● **Action item**
Reproduce the listing below exactly, beginning with its first line and ending with the line that holds "Black Embroidered Net"; pictures are not part of the copy.

● **Data supplied**
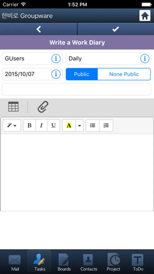 With ToDo you can manage your things to do or share with your colleagues by allowing to read or granting this function for giving tasks to other.
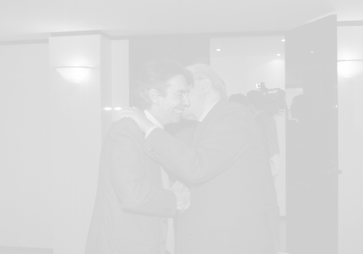 NEG-RETROSPETTIVA MASSIMO MORATTI PRESIDENTE INTER NELLA FOTO MASSIMO MORATTI CON MARCO TRONCHETTI PROVERA PRESIDENTE PIRELLI PER LA SPONSORIZZAZIONE SULLE MAGLIE DELL'INTER A TERRAZZA MARTINI MILANO NELL'ANNO 1995 AG ALDO LIVERANI SAS
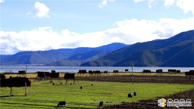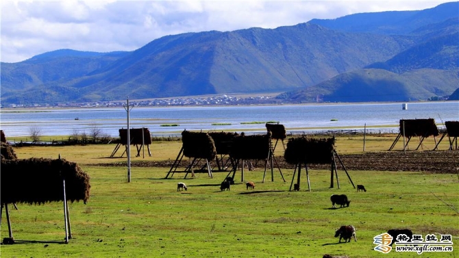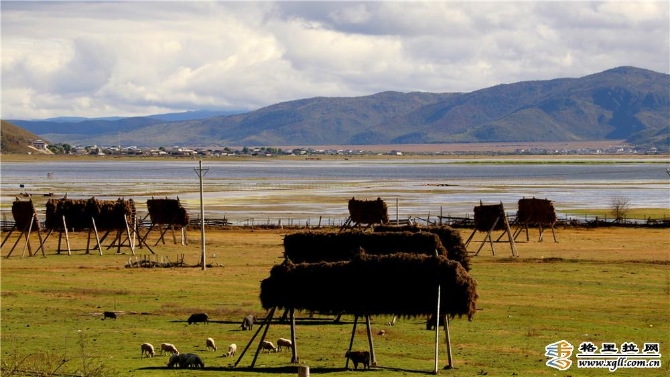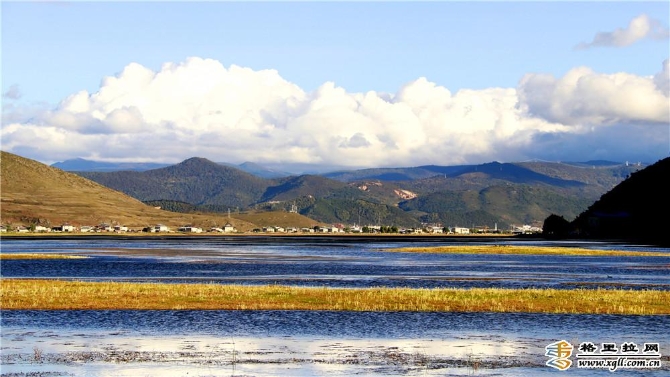 秋天的纳帕海,草原一片金黄,成群的牛羊在草原上悠闲地吃草。远山如黛,倒映于湖泊中,使广阔的草原别具一番诗意。(马建军 摄影报道)
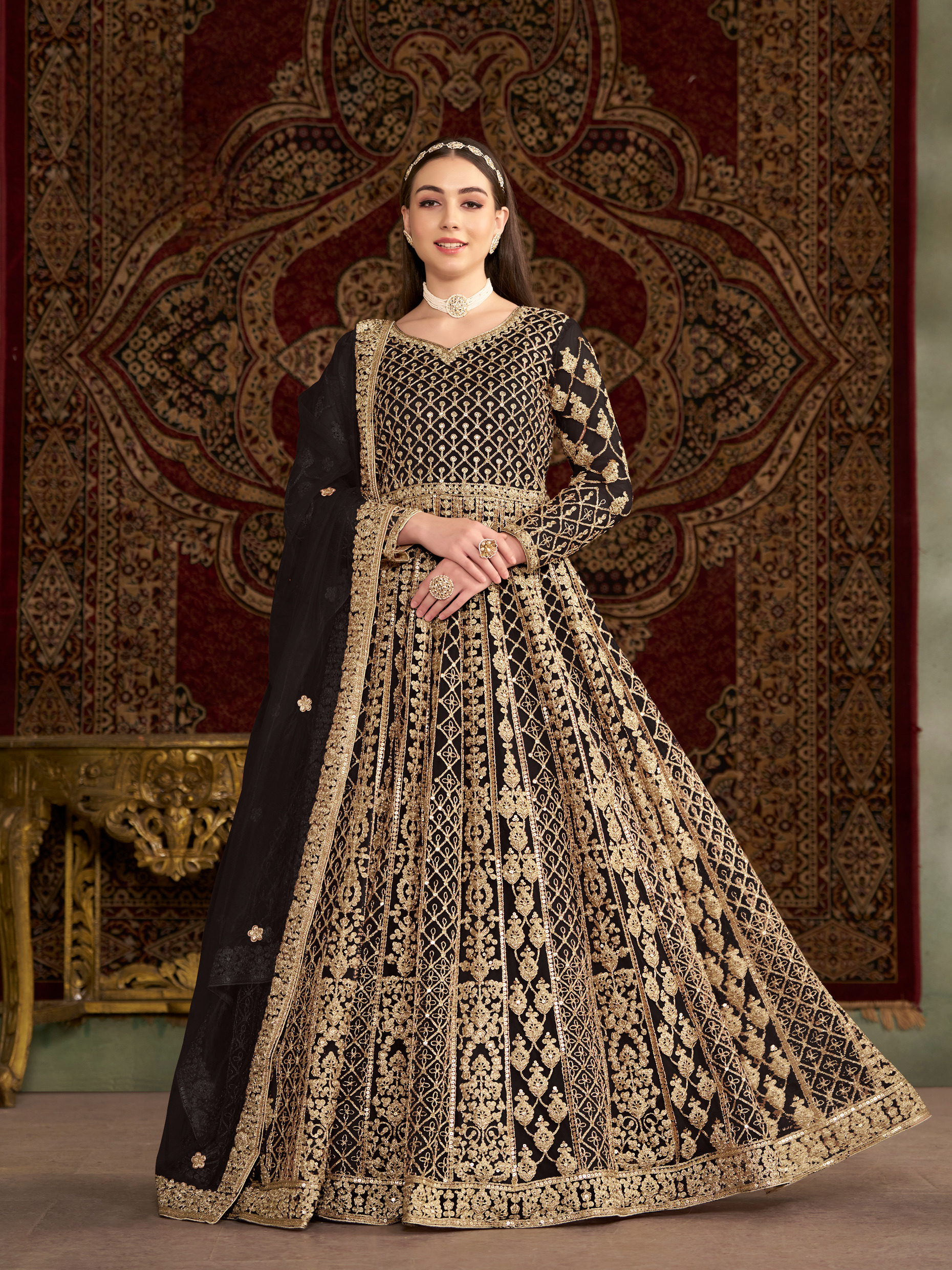 Black Embroidered Net Semi Stitched Anarkali Suit
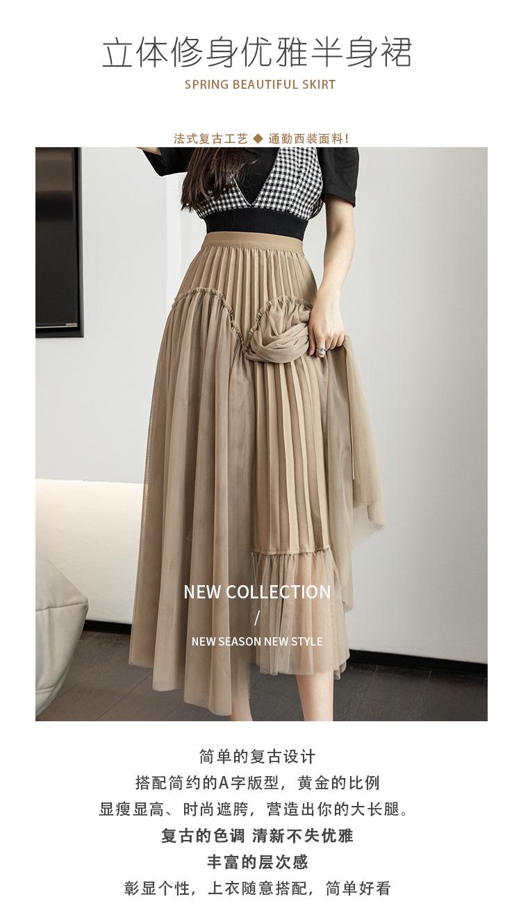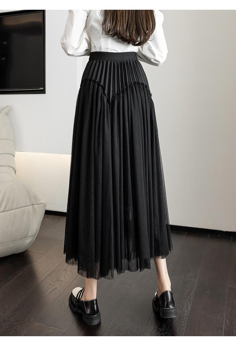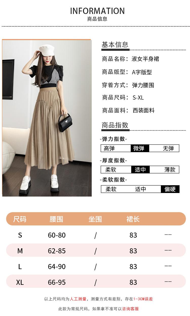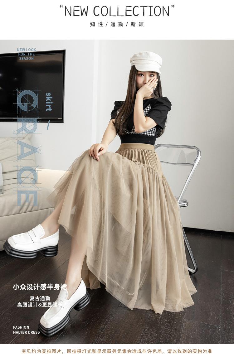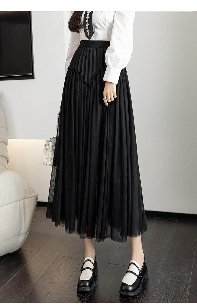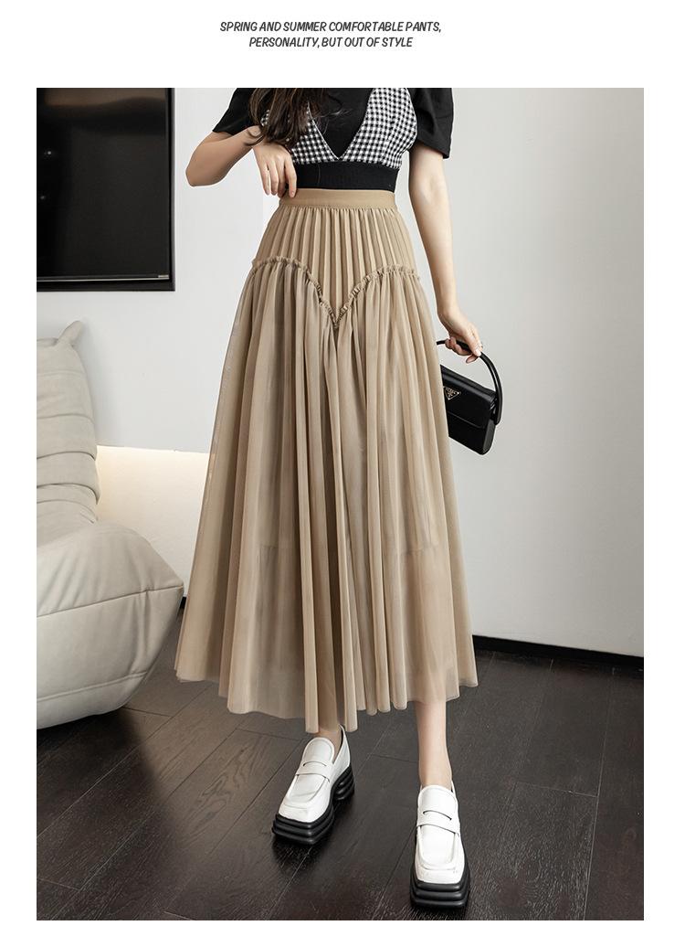 Falda de Malla de Diseño Francés para Mujer 2023 Verano Nuevo Cintura Alta Ajustada Media Longitud A-Línea Falda Plisada
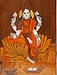 18" Goddess Lakshmi Seated on Lotus | Natural Color on Wood Panel with Inlay Work
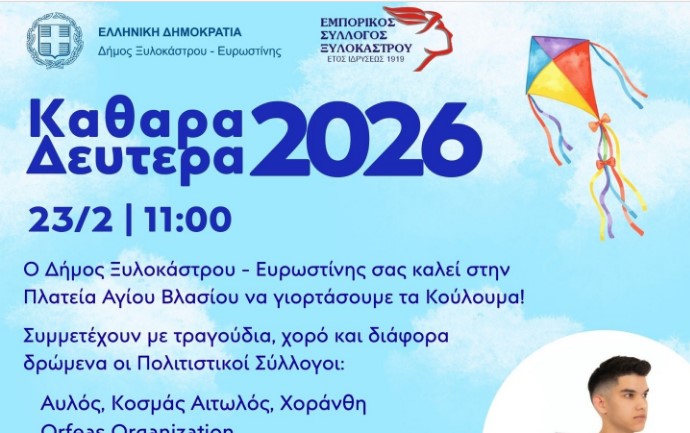 Ο Δήμος Ξυλοκάστρου – Ευρωστίνης, σε συνεργασία με τον Εμπορικό Σύλλογο Ξυλοκάστρου, σας προσκαλεί στον εορτασμό της Καθαράς Δευτέρας 2026, την Δευτέρα 23 Φεβρουαρίου στις 11:00 π.μ. στην Πλατεία Αγίου Βλασίου.
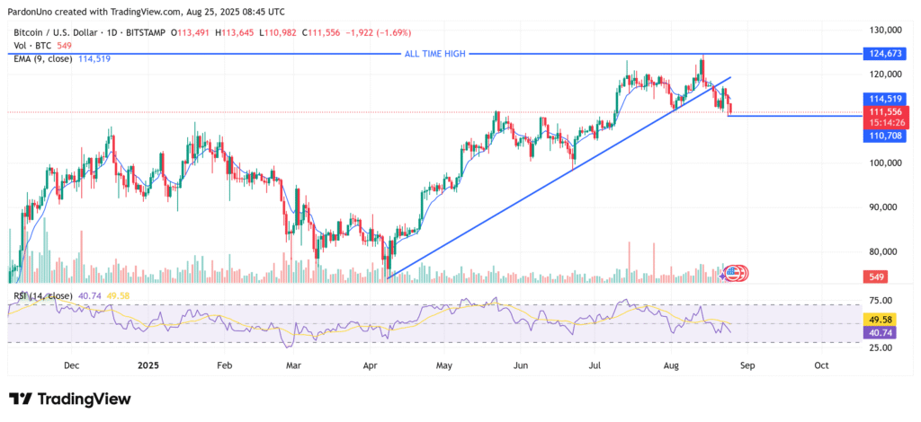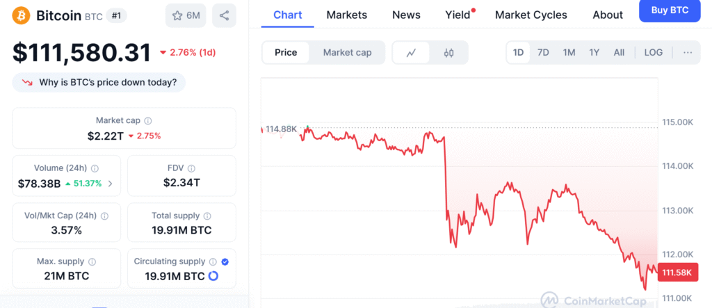 Bitcoin’s price has declined to $111,935 after a whale’s constant sell-offs sent shockwaves through the market.
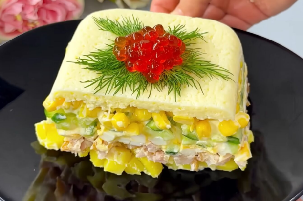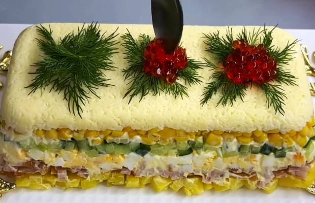 - На кукурузный слой уложите огурцы и нанесите сеточку из майонеза.
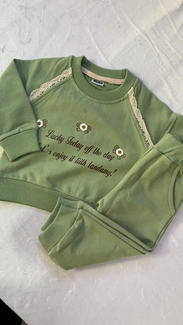 مناسب مهمانی و منزلبلوز و شلوار آستین رگلان نی نی ناز کد 674 در دو رنگ سبز و کرم عرضه میشود .

● **Answer to the exercise**
 With ToDo you can manage your things to do or share with your colleagues by allowing to read or granting this function for giving tasks to other.
 NEG-RETROSPETTIVA MASSIMO MORATTI PRESIDENTE INTER NELLA FOTO MASSIMO MORATTI CON MARCO TRONCHETTI PROVERA PRESIDENTE PIRELLI PER LA SPONSORIZZAZIONE SULLE MAGLIE DELL'INTER A TERRAZZA MARTINI MILANO NELL'ANNO 1995 AG ALDO LIVERANI SAS
 秋天的纳帕海,草原一片金黄,成群的牛羊在草原上悠闲地吃草。远山如黛,倒映于湖泊中,使广阔的草原别具一番诗意。(马建军 摄影报道)
 Black Embroidered Net Semi Stitched Anarkali Suit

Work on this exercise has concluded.